_WHAT IS EXPECTED_
Starting with the opening line of the entries below, transcribe each line exactly up to and including the one that has "8-inch, touch-screen, operator"; pictures are not copied.

_EXERCISE DATA_
────────────────────

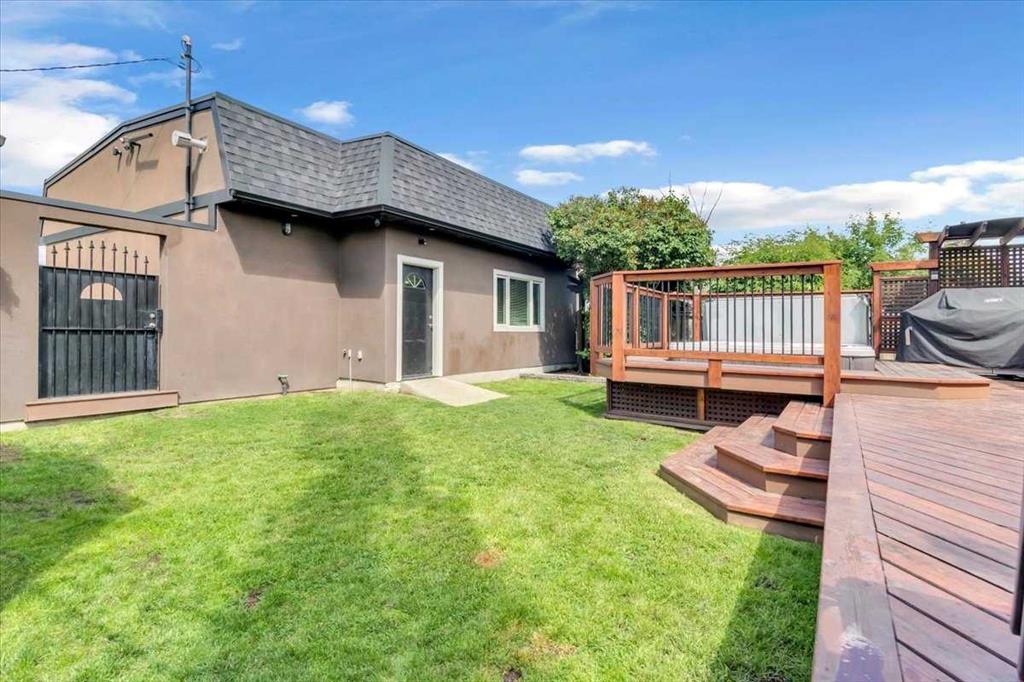 Click brochure link for more details** Professionally renovated home with two upstairs bedrooms, four-piece bathroom, new heat pump with AC, and LVP flooring throughout main areas. Bedrooms feature pre-finished hardwood, with a modern kitchen boasting side-by-side fridge, dishwasher, and double oven with glass cooktop. Sound system wired through upstairs, deck, and 850-square-foot triple car garage with heated slab, 13-foot ceilings, and RV parking behind an eight-foot privacy wall with lockable custom gate. Legal basement suite, professionally done, with separate entrance, four-piece bathroom, stackable washer-dryer, porcelain tile in entrance, bathroom, and kitchen, plus fridge, stove, dishwasher, hardwood living room, one bedroom with walk-in closet and under-stair storage, and large egress windows for plenty of light. Fully fenced yard with underground sprinklers and large upper-level deck with eight-person hot tub and privacy walls. House and garage feature acrylic stucco exteriors. Too many amenities to list.
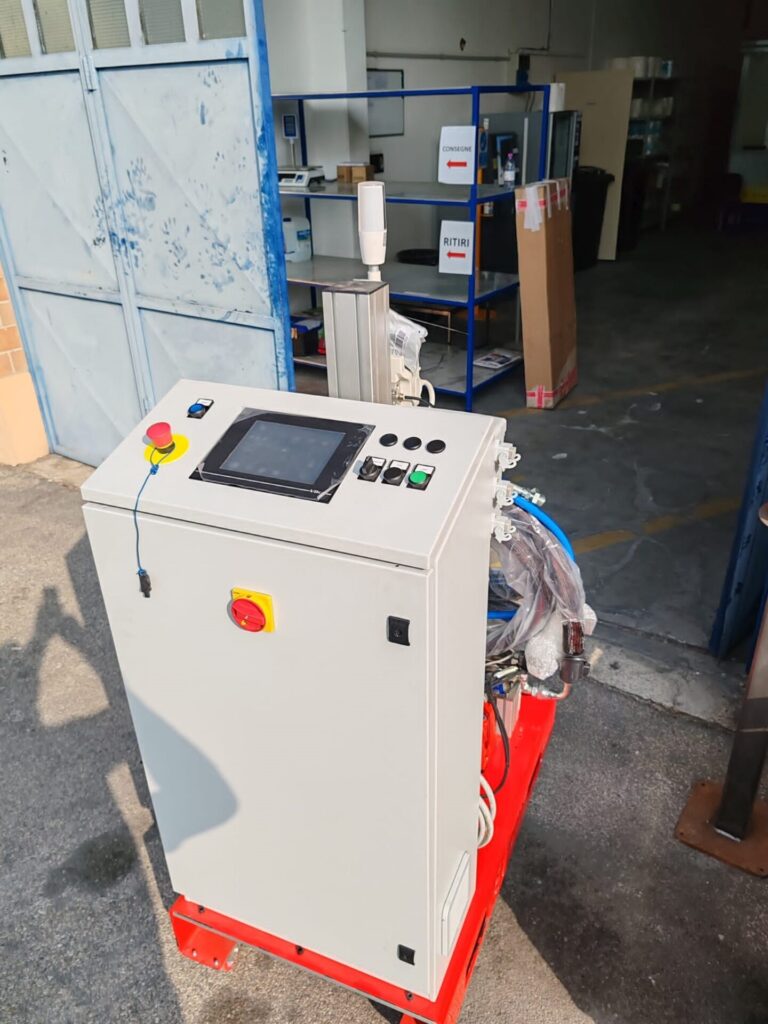 8-inch, touch-screen, operator panel by SYEL with 64Mb RAM, positioned on an IP66 electric cabinet.
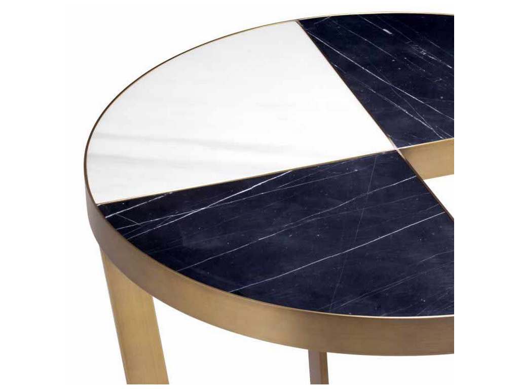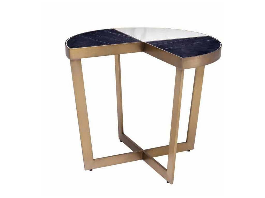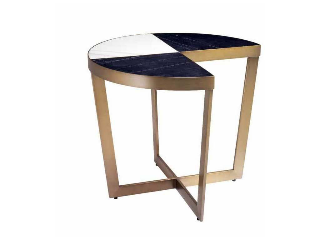Product Description: Eichholtz 113586 Side Table Turino - Recall the glamour of Hollywood Regency with the Turino Side Table. The tabletop comprises quarter parts of black and white marble and has a metal rim and legs with a brushed brass finish. One quarter of the tabletop has been cut out so this side table can seamlessly connect to your sofa or armchair.
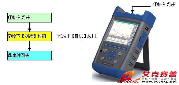 A6418的自動測試功能使得用戶無需了解更多的有關該儀器操作的細節,測試步驟變得非常簡單,只需要接入光纖、點擊【測試】按鈕即可,儀器會自動設置最佳測試條件并最終給出準確的測試結果,如測試曲線和事件列表等。
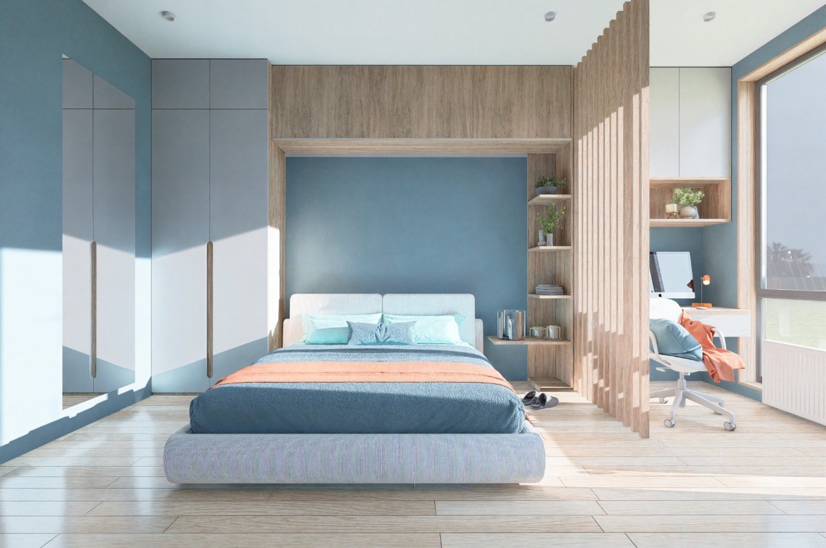 Представляем дизайн-проект спальни для нашего клиента, где каждый сантиметр продуман для комфорта и функциональности. 💡 Задача: Создать уютное пространство для отдыха, гармонично интегрировав в него полноценную рабочую зону, не перегружая интерьер. Наши решения: 🌿 Умное зонирование: Изящные деревянные рейки деликатно отделяют уютную зону сна от светлого и функционального рабочего места у окна. Это позволяет сохранить ощущение единого пространства, при этом четко разграничивая функции. ☀️ Естественный свет: Рабочее место расположено у окна, обеспечивая максимум дневного света, что важно для продуктивности и комфорта глаз. 📦 Продуманное хранение: Вместительный встроенный шкаф и открытые полки в рабочей зоне решают вопрос хранения, не загромождая пространство. Результат – стильное, светлое и невероятно функциональное пространство, идеально отвечающее потребностям современного человека. А если и вы мечтаете о спальне, которая будет вдохновлять на продуктивный день и дарить полноц
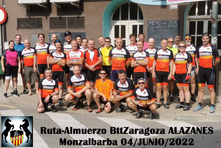 El lugar elegido, un acierto: Restaurante “Mi Familia” en Monzalbarba, o Almorzarbarba como en su día y en una de nuestras afamadas rutas gastronómicas lo renombró nuestro querido cowboy particular. Comedor cerrado exclusivo para nosotros, bicis dentro y a buen recaudo, trato amable y exquisito, preparación y reparto de las viandas y bebidas con soltura, presteza y diligencia, platos bien colmados de huevos, patatas panaderas y suculenta dosis de grasas porcinas. Todo ello montado cómodamente en tres mesas de diez comensales por cada una que hacen un total de... ... No hay que ser de ciencias puras para acertar la cifra total de asistentes, pero a mí me faltan dedos. Será que más bien soy de letras.
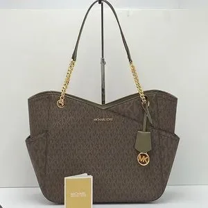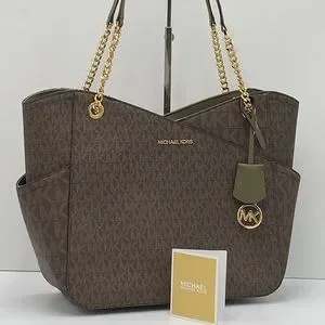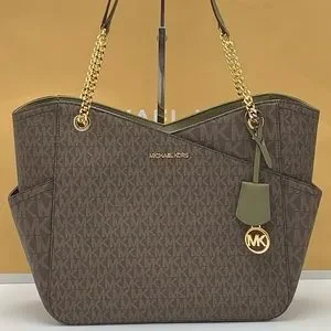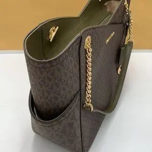 MICHAEL KORS Jet Set Large Logo Tote Chain Shoulder Bag COLOR OLIVE NWT

────────────────────

_SOLUTION FOR THIS EXERCISE_
 Click brochure link for more details** Professionally renovated home with two upstairs bedrooms, four-piece bathroom, new heat pump with AC, and LVP flooring throughout main areas. Bedrooms feature pre-finished hardwood, with a modern kitchen boasting side-by-side fridge, dishwasher, and double oven with glass cooktop. Sound system wired through upstairs, deck, and 850-square-foot triple car garage with heated slab, 13-foot ceilings, and RV parking behind an eight-foot privacy wall with lockable custom gate. Legal basement suite, professionally done, with separate entrance, four-piece bathroom, stackable washer-dryer, porcelain tile in entrance, bathroom, and kitchen, plus fridge, stove, dishwasher, hardwood living room, one bedroom with walk-in closet and under-stair storage, and large egress windows for plenty of light. Fully fenced yard with underground sprinklers and large upper-level deck with eight-person hot tub and privacy walls. House and garage feature acrylic stucco exteriors. Too many amenities to list.
 8-inch, touch-screen, operator panel by SYEL with 64Mb RAM, positioned on an IP66 electric cabinet.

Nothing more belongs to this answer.